### THE TASK
Would you restate, word for word, only the lines starting at the one with "- Restaurar Backup: Restauración" and ending with the final line of the entries below? Pictures stay out.

Dataset entries

-*-*-

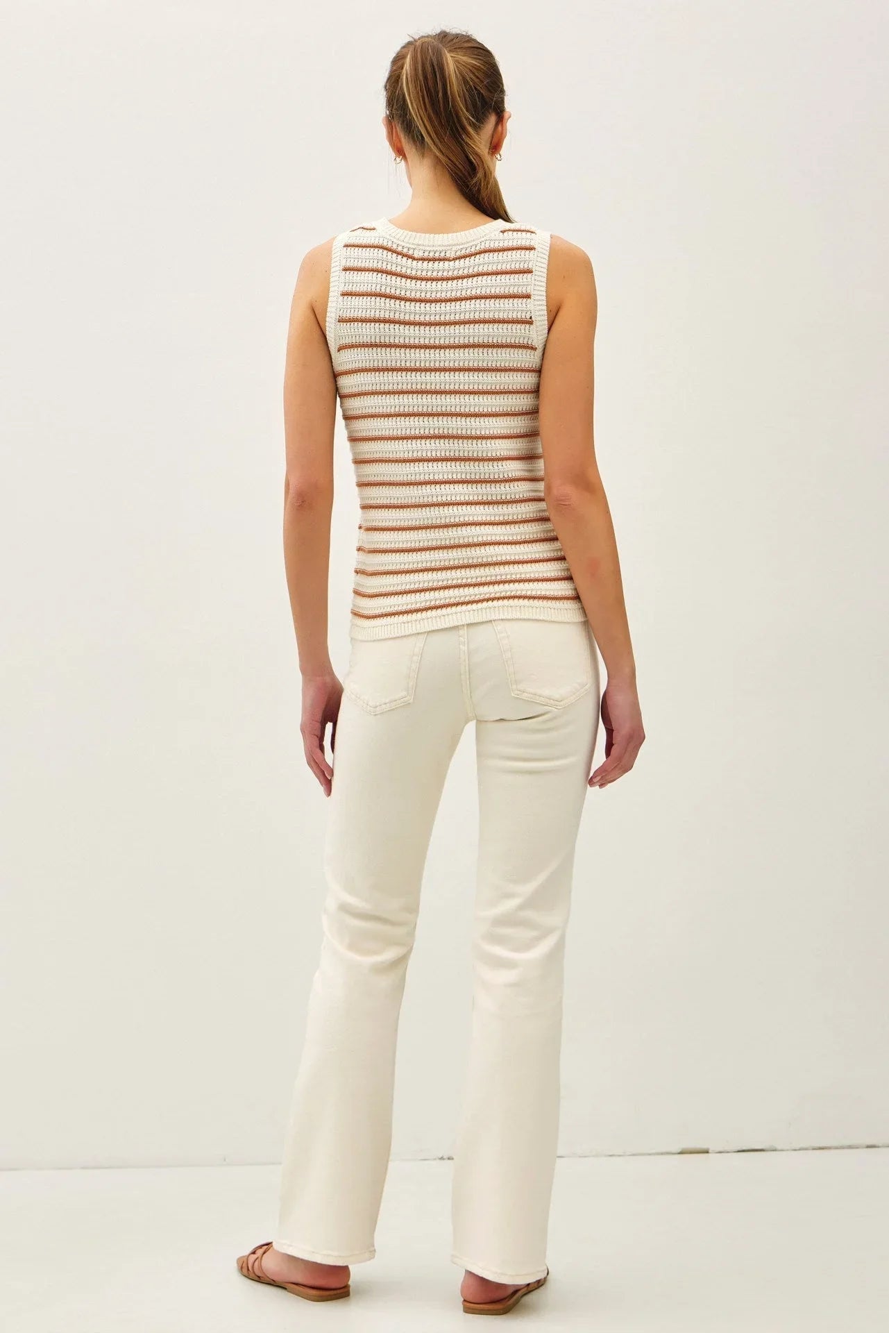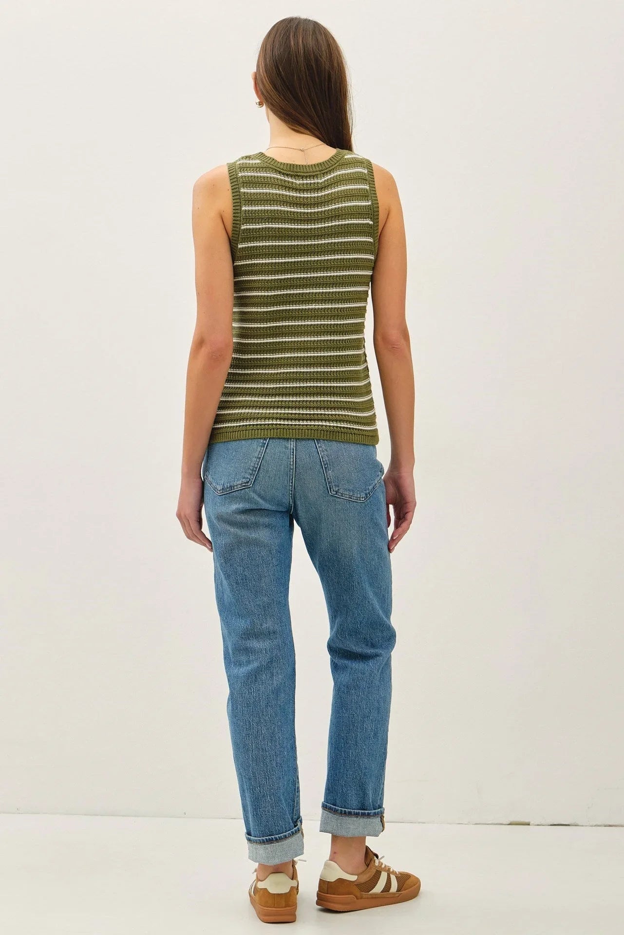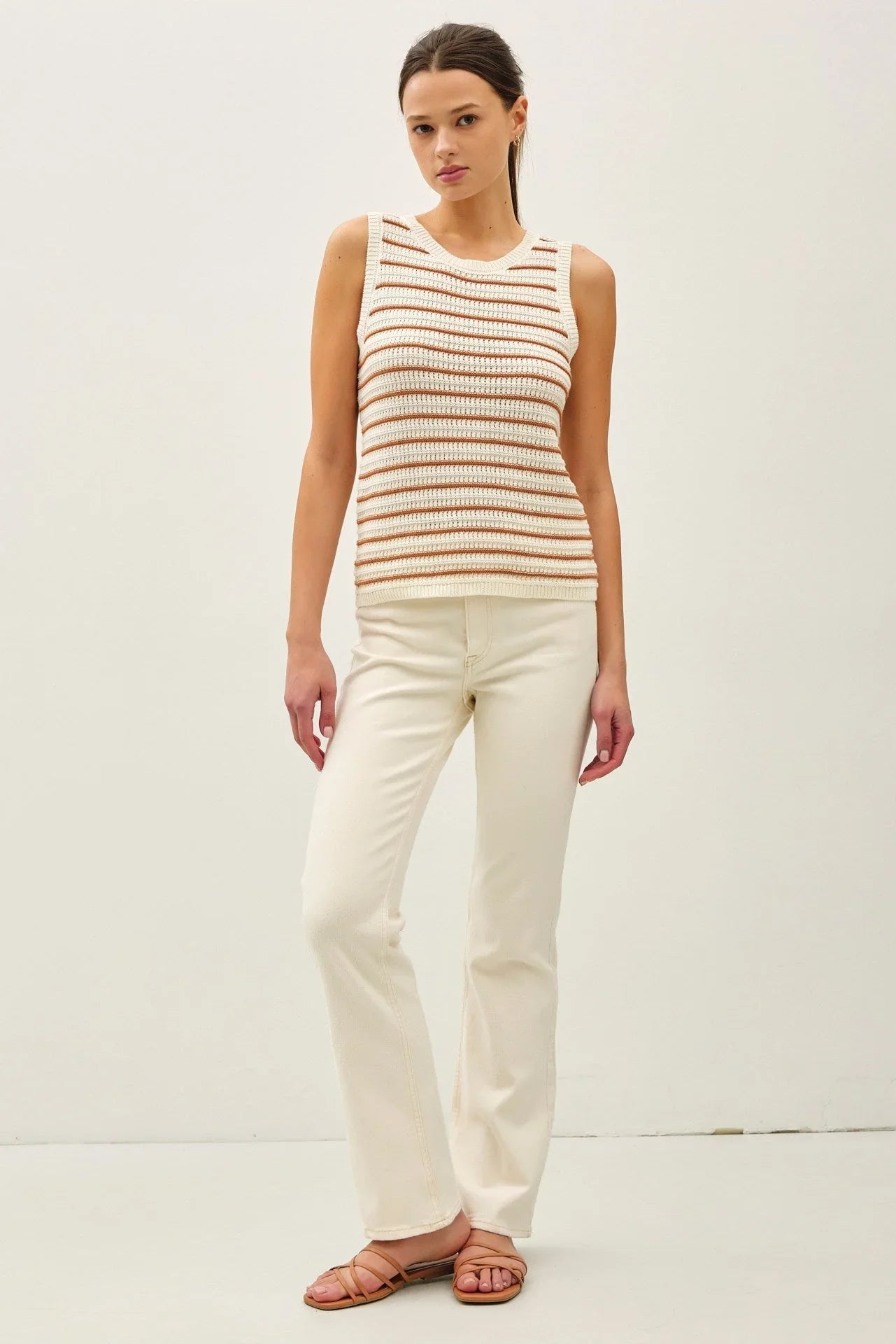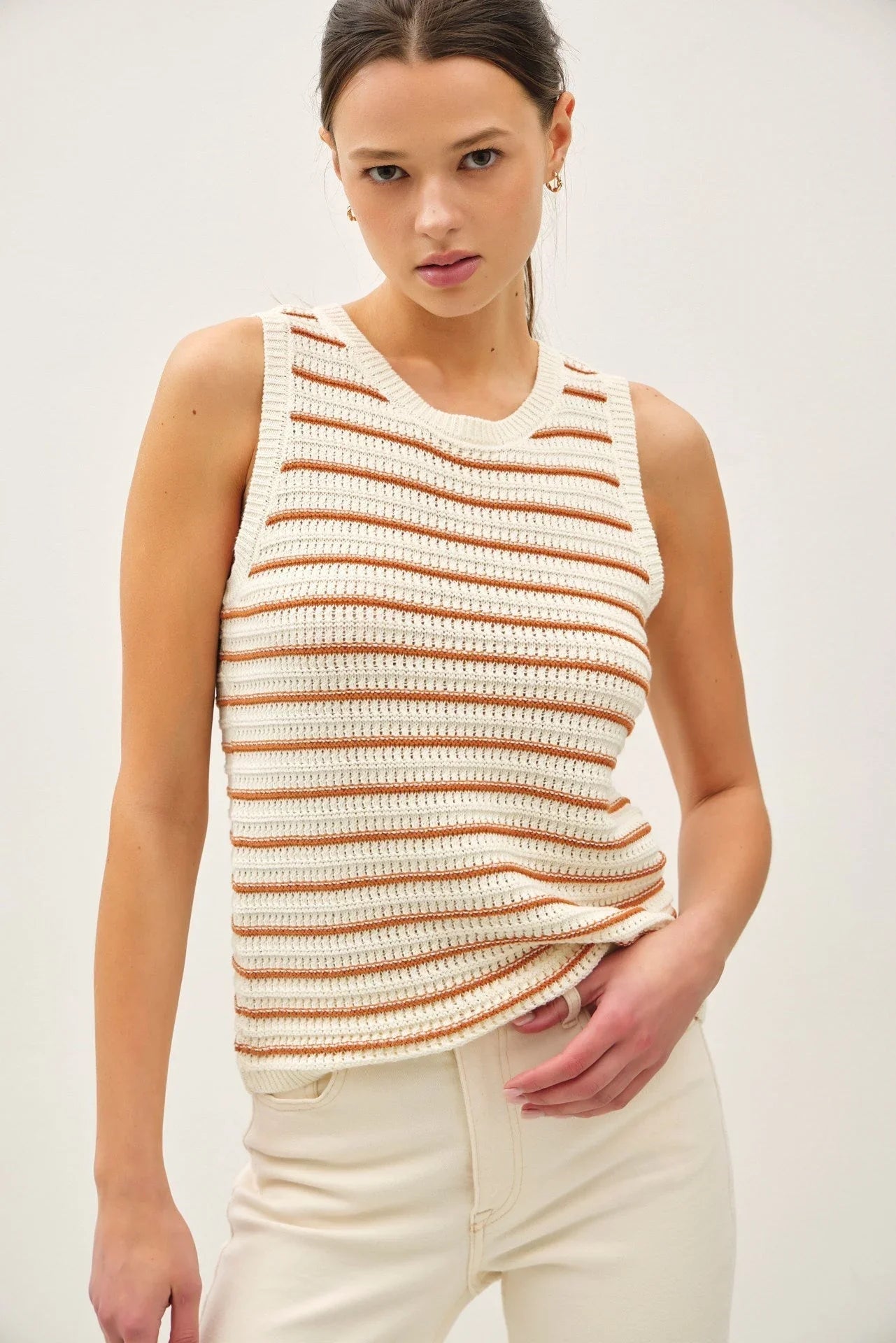 This chunky knit striped sweater tank combines style and comfort. Crafted from 100% cotton, it features a round neck and ribbed details for a polished look. The sleeveless design and striped pattern make it versatile for layering or wearing alone. Perfect for casual outings or relaxed evenings, this knit striped sweater tank is a wardrobe essential.
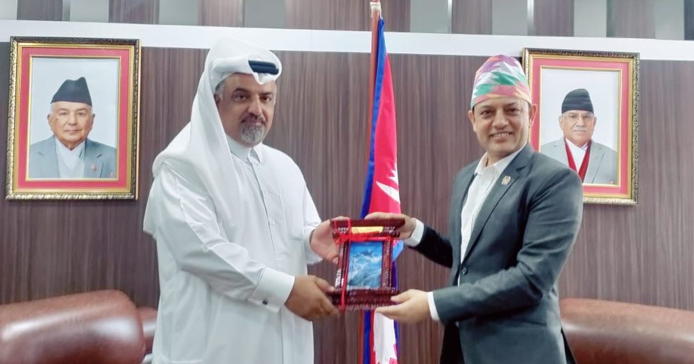 बैशाख ४, काठमाडौँ । श्रम, रोजगार तथा सामाजिक सुरक्षामन्त्री डोलप्रसाद अर्याल र नेपालका लागि कतारका राजदूत मिशाल विन मोहम्मद एलएई अन्सारीबिच शिष्टाचार भेट भएको छ।
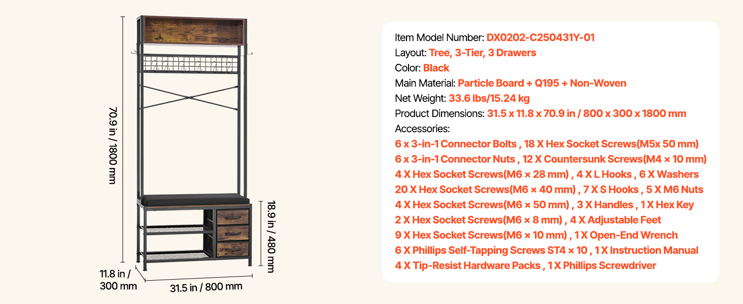 Stojací vešiak, lavica, 3 zásuvky, knižná a drôtená polica, 1800 mm
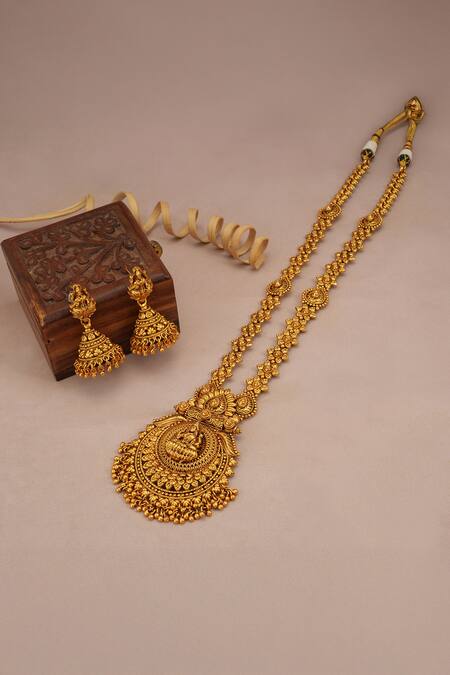 Buy_Smars Jewelry_Gold Plated Goddess Laxmi Carved Pendant Necklace Set_at_Aza_Fashions
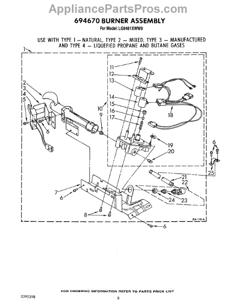 Parts for Whirlpool LG9481XWN0: 05 - 694670 Burner Parts
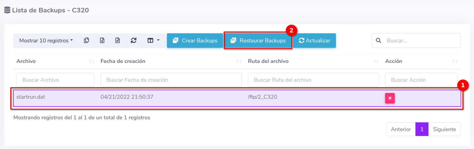 - Restaurar Backup: Restauración de respaldos hechos con anterioridad
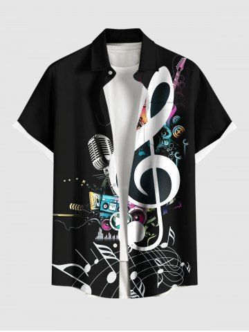 Plus Size Music Notes Radio Microphone Print Buttons Pocket Shirt For Men - Black - L

-*-*-

### THE COMPLETED TASK
 - Restaurar Backup: Restauración de respaldos hechos con anterioridad
 Plus Size Music Notes Radio Microphone Print Buttons Pocket Shirt For Men - Black - L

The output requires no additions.